Relationship War, Court & Money

Relationship War, Court & Money

I wonder if I knew now, 2 years later, how this would all work out what I would do differently.

The answer I believe is NOTHING.  I couldn’t change this path.   I hired the attorney to protect my daughter from hearing my ex call me terrible names.  I warned him that “I will hire the best attorney I can afford if this child comes home with any more negative about me, her mom!”

He must not have heard me and Thanksgiving Day I heard the last negative from my child about her mommy and daddy separating.   He denied saying anything to her however I hired the attorney to give myself a sense of control for the first time in years.  I thought that hiring an attorney would protect me more and help me become less scared of the unknown future.  I hired one of the best attorneys in the area and paid the prices she asked without question.

She has given me a sense of protection momentarily.  Every once in a while I would cheer my attorney on because she has the power to scare my ex if even for a moment.  I never held that power.

Often however, I feel completely confused with the laws and I then spend too much time trying to understand what is going on in this divorce and then the lack of understanding costs me more money.

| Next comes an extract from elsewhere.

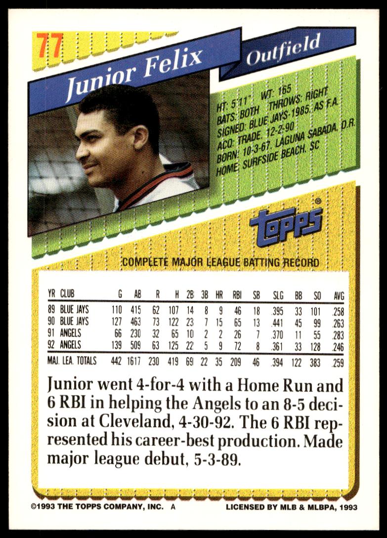 This BaseballΒ card, from 1993 is part of the Topps Series 1Β card set. Junior Felix is featured and has a card number of 77.

The lawyers are doing well and earning their money because we are the people who can’t agree.  Every time we send a paper back and forth, not agreeing, I can hear the sound of “ching ching $” going to our attorneys.

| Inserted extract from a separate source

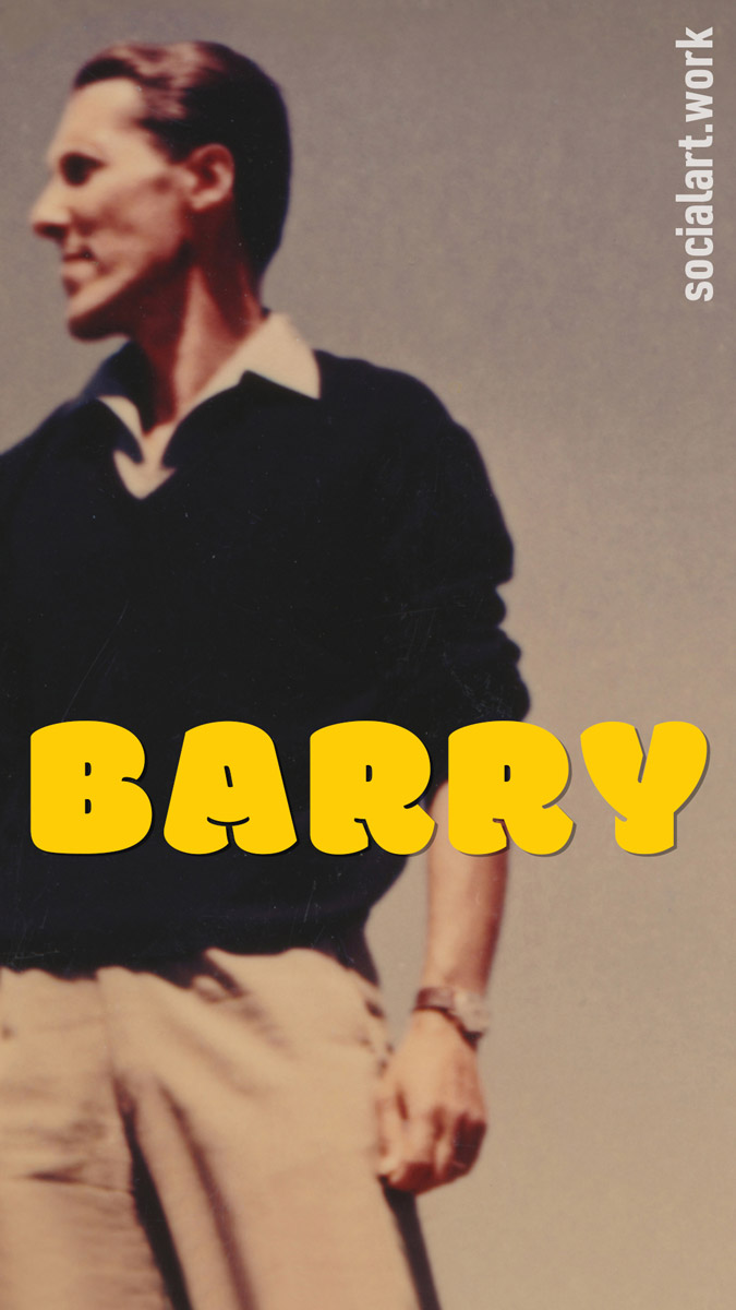 repurposes an intentionally mundane image from a 1970s clothing catalogue. By celebrating an 'ordinary' man called Barry, dressed in 'ordinary' clothes in an 'ordinary' photograph, the artist stresses the inherent value in all men.

I have learned that lawyers seem to specialize in different lawyer areas.  My lawyer mainly focuses on family law.  This prevents me from using her in the bankruptcy.  I have to claim bankruptcy in order to cut lose a house that is $110,000 under water due to the housing crash years ago and a second and third mortgage that was merged together with our first mortgage.  None the less the equity in the house never came back.  13 years in a home and it is worth $0 to us.

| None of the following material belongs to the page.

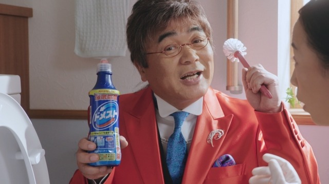CMではブラシで懸命に便器をこする奥様に、きみまろさんが「奥様、トイレ掃除まだこすってるの?」と扇子を片手に登場。その後、扇子をドメストに持ち替えて、その効果を得意の漫談口調で解説し、トイレ掃除を指南します。最後は「お掃除、簡単!」と喜ぶ奥様と共に、決め台詞で締めくくります。

This is heartbreaking also.   I am dealing as I send more money to another lawyer for the bankruptcy.   I later learned that I could claim my family law lawyer fees into the bankruptcy but I am not that person.  (It did pass my mind for a millisecond though.)  I mean the thought of it all just going away. Sigh- Just doesn’t seem right to not pay the attorney since I did hire her.

My ex believes that the equity in our marital home will come back and he can rent the house until that time. He bought a second house so he has no worries. The house however can’t move out of my hands, into his, without the bankruptcy so I did what made the most sense 2 years later.

I stopped the war of the house.  I wish I would have just claimed bankruptcy from the very first moment we decided to be done.  It would have saved me a ton of money and a lot less paper work.  However I just didn’t know how it would end up.  My crystal ball failed me there!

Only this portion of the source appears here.